Guillemette avait raison. Mme Seyntis n’est en rien préoccupée de son mari qu’elle est, au contraire, heureuse d’avoir trouvé rempli de tendresse pour elle, pendant les quelques heures qu’il vient de passer aux Passiflores. Elle aspire simplement à le rejoindre, à peine étonnée qu’il l’ait si vivement invitée à profiter des derniers beaux jours à Houlgate ; sans doute, parce qu’il sait à quel point elle jouit d’une paisible vie de campagne, malgré son regret d’avoir André pensionnaire à Paris, victime de la reprise des études.

Elle est trop habituée à lui obéir pour discuter le désir qu’il lui a exprimé à ce sujet ; et ne lisant que peu ou point de journaux, ne voyant personne à Houlgate désert, elle ignore le désastre financier qui menace de l’atteindre et dont il ne lui a rien laissé soupçonner.

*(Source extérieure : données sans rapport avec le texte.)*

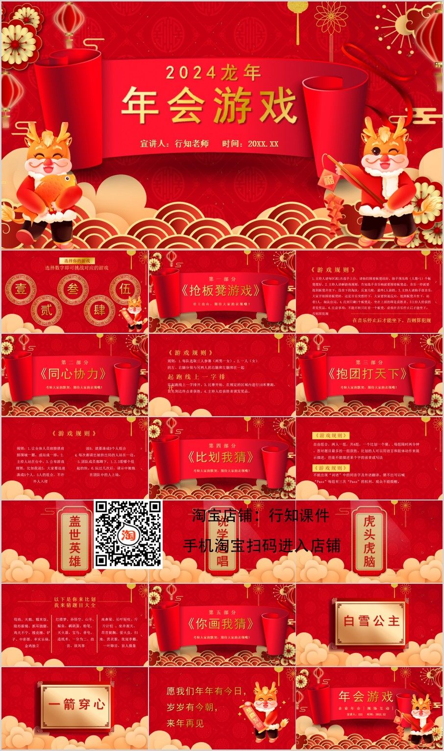 📚 2024新年年会游戏PPT模板龙年元旦晚会你比我猜游戏素材可修改WPS
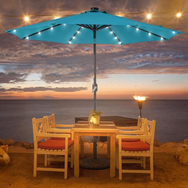 9 ft. Solar LED Market Patio Umbrellas with Solar Lights and Tilt Button in Turquoise
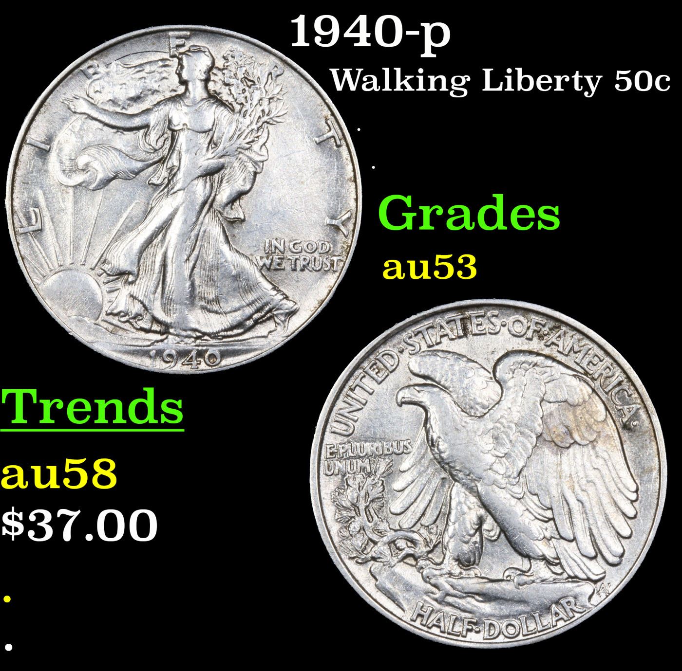 1940-p Walking Liberty Half Dollar 50c Grades Select AU.
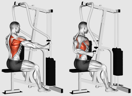 Lat Pulldown. Comhcheangail le heachtraí ró-ghránna ró-ghreamaithe le héadóipí faoi láimh gar-ghreamaithe, 4 tacar an ceann, 10–12 ionadaí in aghaidh an tsraith.
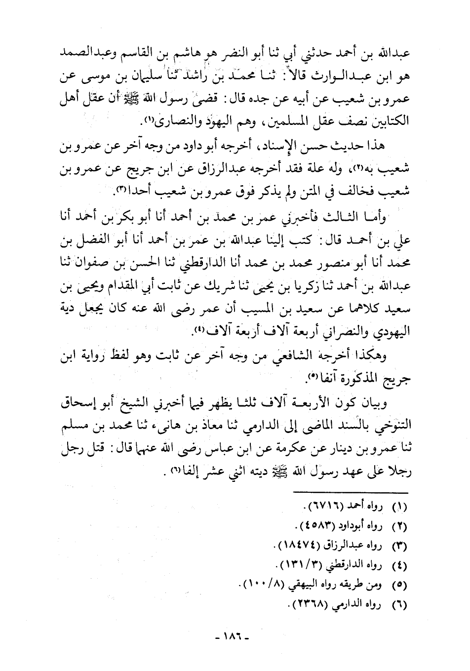 عبد اللَّه بن أحمد حدثني أبي ثنا أبو النضر هو هاشم بن القاسم وعبد الصمد هو ابن عبد الوارث قالا: ثنا محمد بن راشد ثنا سليمان بن موسى عن عمرو بن شعيب عن أبيه عن جده قال: قضى رسول اللَّه -صلى اللَّه عليه وسلم- أن عقل أهل الكتابين نصف عقل المسلمين، وهم اليهود والنصارى (¬1).
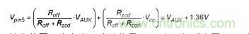然后,施加在引腳5上的電壓就為偏置。事實上,這就像是VAUX電壓與減小了1.36V的ZCD閾值比較。這樣一來,新的實際ZCD閾值就是:
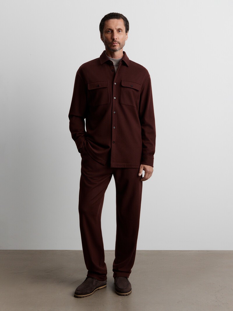 Свободные брюки из шерсти — комфортные и согревающие. Их можно надеть и в офис с нестрогим дресс-кодом, и на прогулку в прохладные дни. Специальная обработка придает материалу мягкость и пластичность, а двойное переплетение интерлок помогает трикотажу не деформироваться. Сделано в Китае.
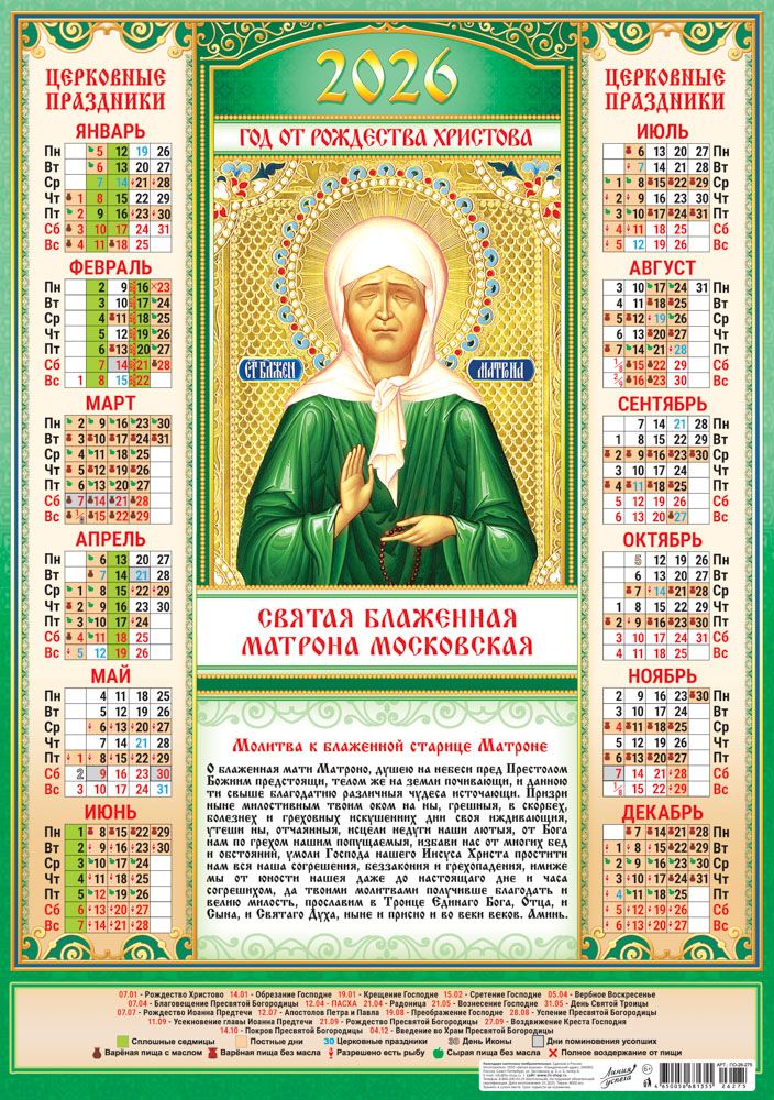 Календарь А2 2026 Иконы Матрона Московская ПО-26-275
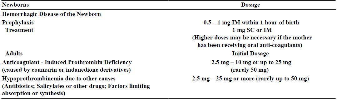 This text provides dosage information for the treatment and prevention of hemorrhagic disease in newborns and anticoagulant-induced prothrombin deficiency in adults. The recommended dosages range from 0.5-1mg for newborns and 2.5-25mg for adults, depending on the cause of hypoprothrombinemia. Higher doses may be necessary in some cases. The text also mentions factors that may limit the absorption or synthesis of antibiotics and salicylates.*
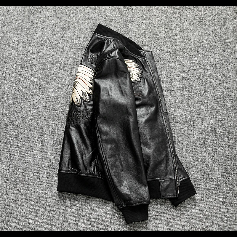 New Fashion Indian Embroidery Baseball Jacket Natural Genuine Leather Coat Men's Cowhide Leather Motorcycle Slim Jackets
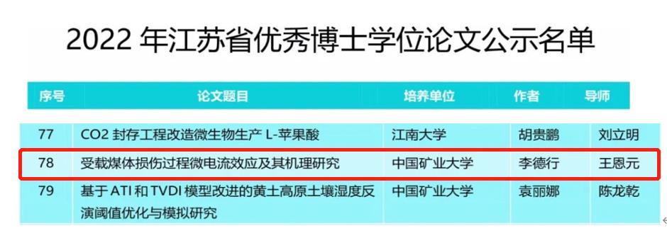 博士研究生李德行(导师王恩元)的学位论文《受载煤体损伤过程微电流效应及其机理研究》被评为2022年江苏省优秀博士学位论文;韩国三级
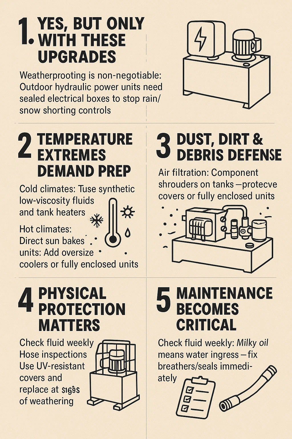 Air filtration: Outdoor hydraulic power units need desiccant breathers on tanks – not basic caps. Stops dust and moisture mixing with oil.
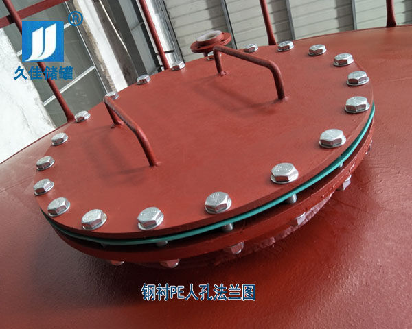 結(jié)構(gòu):鋼襯塑產(chǎn)品一般由桶身、平底、封頂、人孔、進料口法蘭、出料口法蘭和液位孔口法蘭組成,臥室鋼襯塑儲罐通常還有標準鋼質(zhì)支座,鋼襯塑產(chǎn)品一般根據(jù)用戶要求設(shè)計制造。

René, hanté par les craintes qu’il lui faut cacher, passe ainsi une étrange soirée, entre la quiétude souriante de sa sœur, joyeuse de le revoir, insatiable de détails sur son voyage, et l’instinctive anxiété qu’il devine toujours latente chez Guillemette, malgré le réconfort qu’il sent lui apporter par sa présence.

Ah ! jamais, elle ne lui avait ainsi montré ce qu’il est devenu pour elle, l’ami par excellence, celui qui inspire la sécurité, la foi tendre, forte, apaisante. Et, silencieusement, il en éprouve un bonheur intense, — douloureux aussi, parce qu’il sait avec quel regard, quel recul de tout l’être, elle s’éloignerait de lui, si elle apprenait… Elle ne comprendrait guère que s’il s’est livré à Nicole, c’est parce qu’il l’aimait absurdement, pour mieux la fuir… Et elle aurait raison de le juger… comme il se juge.

Mais à cette heure du moins, elle ignore ; et elle ne lui refuse point la caresse de sa voix, de sa grâce, de sa jeunesse qui resplendit dans la capricieuse mobilité du visage.

Est-il possible que tout souvenir, toute inquiétude puissent ainsi s’engourdir en lui, jusqu’à l’oubli, parce qu’elle est assise à quelques pas de lui, sous la clarté de la lampe qui dore sa peau, les moires des cheveux et rend plus profonde l’eau sombre des yeux où la pensée se reflète en ombres et en lumières…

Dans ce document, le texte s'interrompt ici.